Hewlett Packard Enterprise (HPE.N)New Tab, opens new tab struck a deal in January to buy networking gear maker Juniper Networks (JNPR.N)New Tab, opens new tab for $14 billion.


April 13 (Reuters) – Salesforce (CRM) is a maker of customer relations software. N)New Tab: The acquisition of Informatica (INFA) is in advanced discussions. A source familiar with the situation told Reuters on Friday that there is a new tab that opens, which is the most recent indication of a rise in deal-making in the technology industry.

The anonymous source claimed that an announcement regarding a deal might come soon because the talks are private.
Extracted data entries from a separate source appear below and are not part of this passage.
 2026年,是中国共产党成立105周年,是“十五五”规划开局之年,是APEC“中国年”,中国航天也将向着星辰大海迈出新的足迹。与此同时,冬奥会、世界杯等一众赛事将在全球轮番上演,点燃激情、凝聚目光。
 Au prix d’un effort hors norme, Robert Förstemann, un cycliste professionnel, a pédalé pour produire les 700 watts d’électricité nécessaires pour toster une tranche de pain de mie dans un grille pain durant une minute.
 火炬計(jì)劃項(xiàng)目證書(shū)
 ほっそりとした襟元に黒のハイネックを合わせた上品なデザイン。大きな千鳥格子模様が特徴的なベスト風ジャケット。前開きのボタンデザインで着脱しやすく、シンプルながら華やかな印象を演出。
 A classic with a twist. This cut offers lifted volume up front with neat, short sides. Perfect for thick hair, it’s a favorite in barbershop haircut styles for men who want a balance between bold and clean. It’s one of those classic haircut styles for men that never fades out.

The Wall Street Journal, which broke the story of Salesforce and Informatica’s discussions first, claims that the price under discussion is less than Informatica’s current share price of $38.48.

When contacted for comment, Informatica and Salesforce did not immediately reply.
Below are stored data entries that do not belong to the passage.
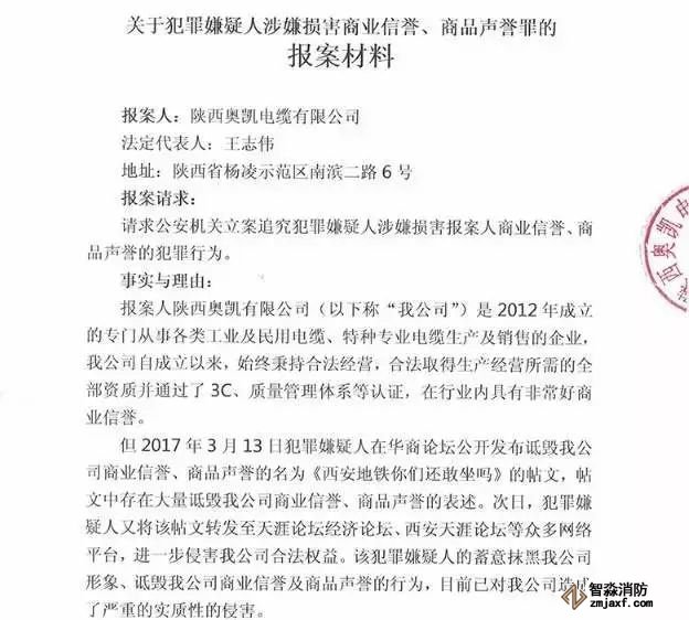舉報(bào)帖發(fā)出后,陜西奧凱電纜有限公司不僅不承認(rèn)問(wèn)題,還反咬一口,聲稱該帖文中的不實(shí)言論損害了公司的聲譽(yù),造成了極其嚴(yán)重的惡劣影響。
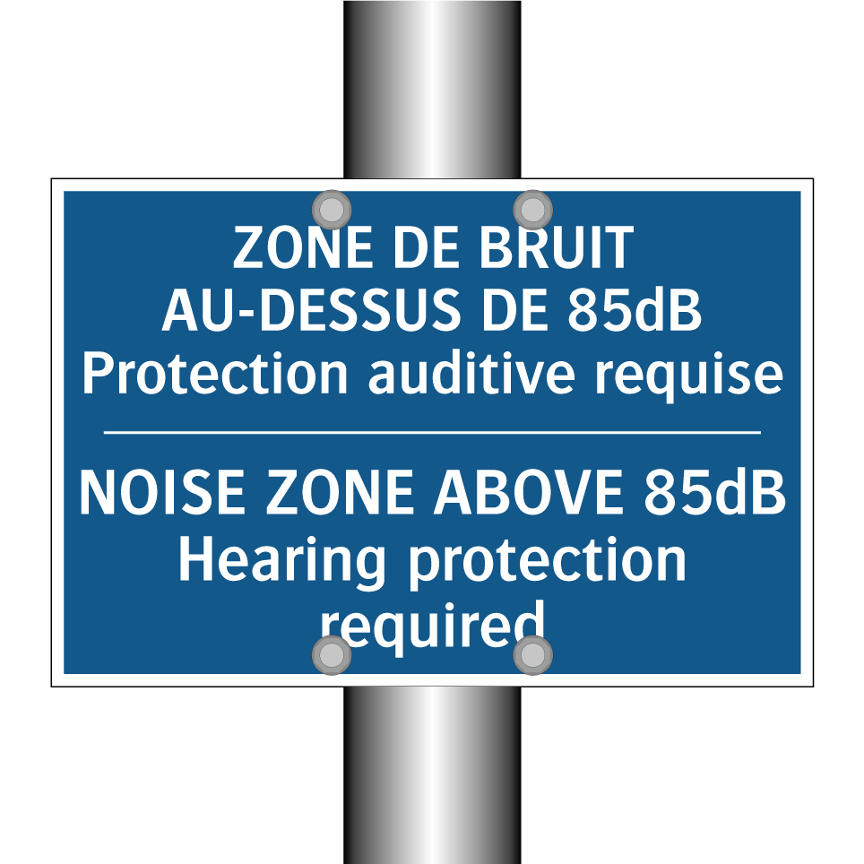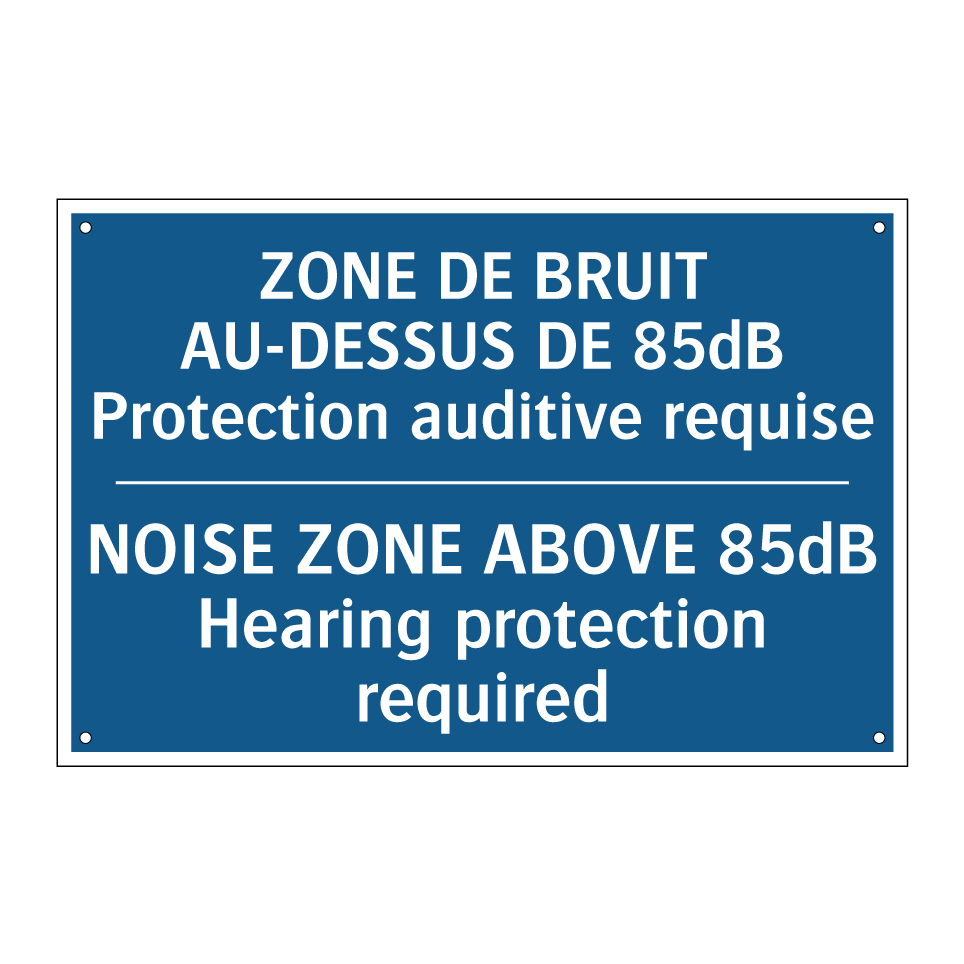 Panneau d'obligation bilingue avec texte en français : "ZONE DE BRUIT AU-DESSUS DE 85dB Protection auditive requise", et en anglais : "NOISE ZONE ABOVE 85dB Hearing protection required"
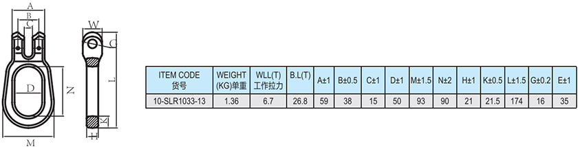 常规标记:13-10  WLL 6.7T  CE  SLR  + BATCH NUMBER(批号)
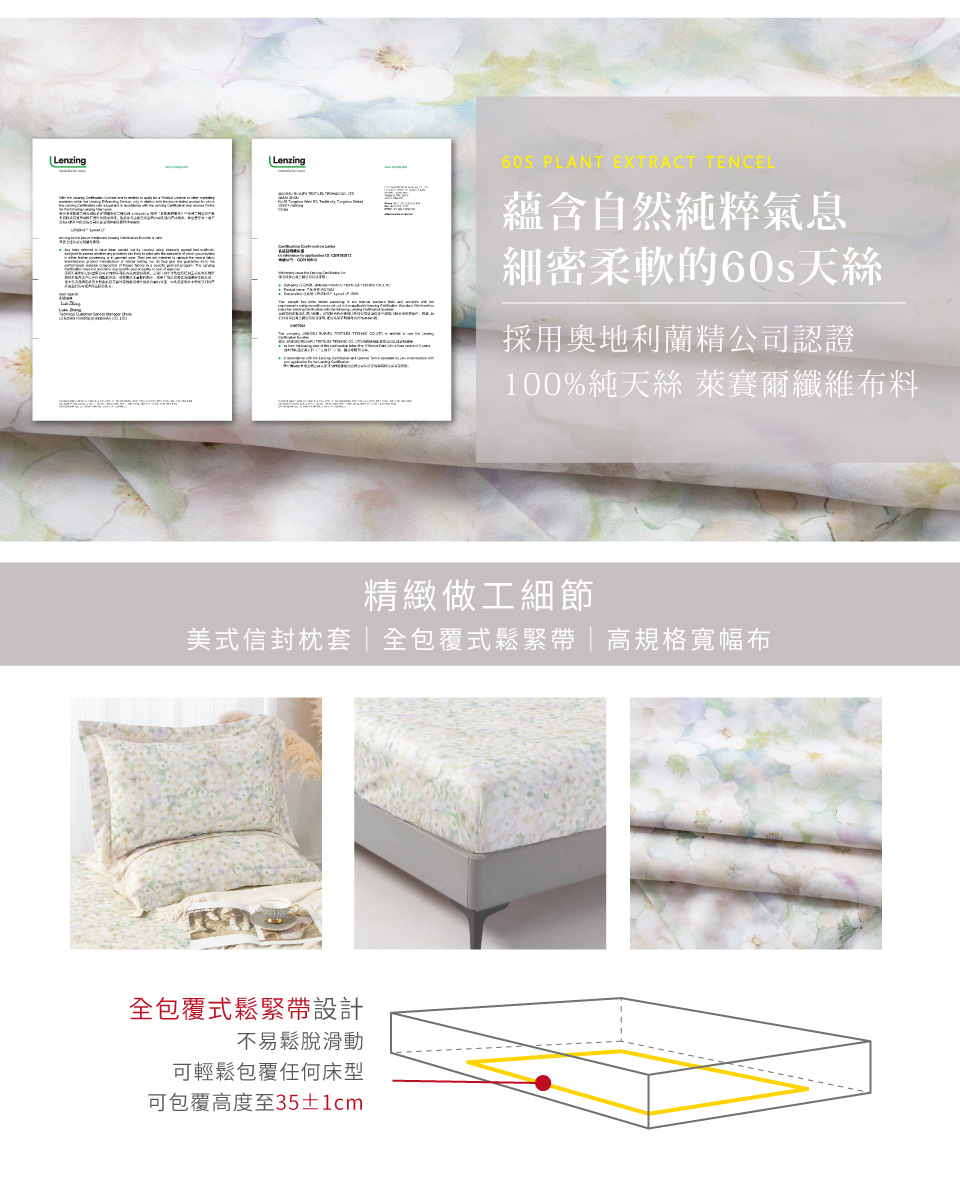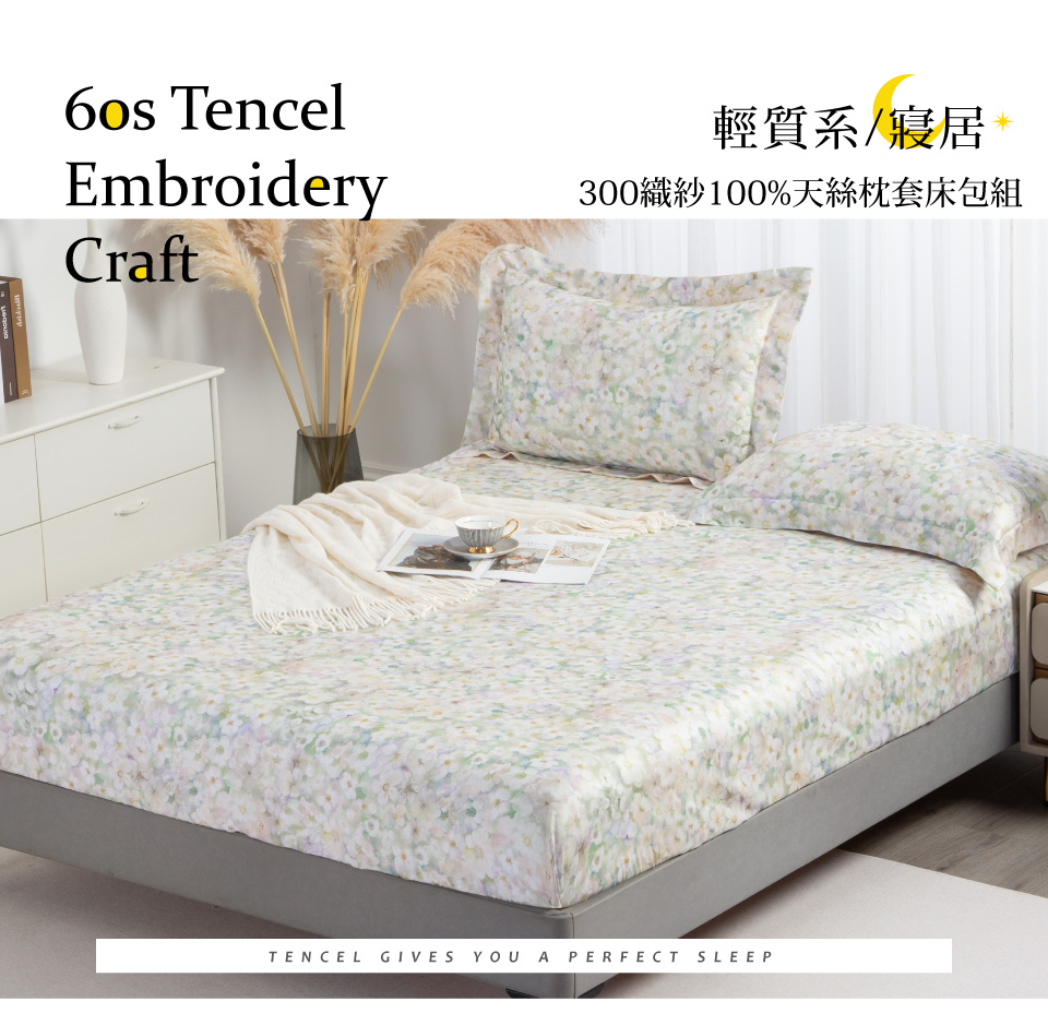 【Betrise貝翠絲】祈望花海-米 | 時尚花版60支天絲枕套床包組-雙人

Refusing to comment was the private equity firm Permira, which jointly owns a majority stake of more than 75% in Informatica with the Canadian Pension Plan Investment Board (CPPIB). It was not possible to get in touch with CPPIB for comment.

According to its website, Unilever and Deloitte are among its clients. It is based in Redwood City, California.

With a nearly 43 percent increase in share price this year, Informatica is now valued at approximately $11.35 billion.

In 2015, a group led by Permira and CPPIB acquired the company for approximately $5.03 billion in cash.

After six years, Informatica went back on the market with the help of Permira and CPPIB, and its shares were listed on the New York Stock Exchange.

If the deal closes, it will be Salesforce’s largest since it paid nearly $28 billion to acquire Slack Technologies, a workplace messaging app, in 2020.

Early in 2023, activist investors, such as ValueAct Capital and Elliott Management, questioned Salesforce’s dealmaking approach and pressed the company’s management to make adjustments.

Salesforce responded by increasing share buybacks and implementing cost-cutting measures. Additionally, it dissolved the MandA board committee.

Salesforce has made a lot of acquisitions. With an all-stock purchase price of $15.77 billion in 2019, it acquired the data analytics platform Tableau Software.

Numerous significant agreements have been signed as a result of the current artificial intelligence fervor that is sweeping the technology industry.

Design software provider Synopsys (SNPS) announced in January. O)New Tab, launches New Tab, agreed to pay roughly $35 billion to acquire smaller competitor Ansys. Enterprise Hewlett Packard (HPE). In January, N)New Tab, opens new tab, reached an agreement to acquire Juniper Networks (JNPR), a manufacturer of networking equipment. N)New Tab: $14 billion is opened in a new tab.

According to Dealogic, the technology sector jumped more than 42% year over year to approximately $154 billion, accounting for the largest share of mergers and acquisitions during the first quarter.

In Bengaluru, Urvi Dugar, Utkarsh Shetti, and Mrinmay Dey reported; Stephen Coates and Barbara Lewis edited.

Our Guidelines: The Principles of Thomson Reuters Trust. Launches a new tab.

Anirban Sen is the U.S. Editor-in-Charge. S. M&A at Reuters, where he oversees the largest deal coverage in New York. Anirban began his career in 2009 with Reuters in Bangalore and left the company in 2013 to work as a technology deals reporter for a number of prominent Indian business news publications, such as The Economic Times and Mint. Returning to Reuters in 2019, Anirban oversaw a group of reporters covering investment banking and venture capital as Editor in Charge of Finance. Anirban graduated with a degree in history from Jadavpur University and a postgraduate journalism diploma from the Indian Institute of Journalism & New Media.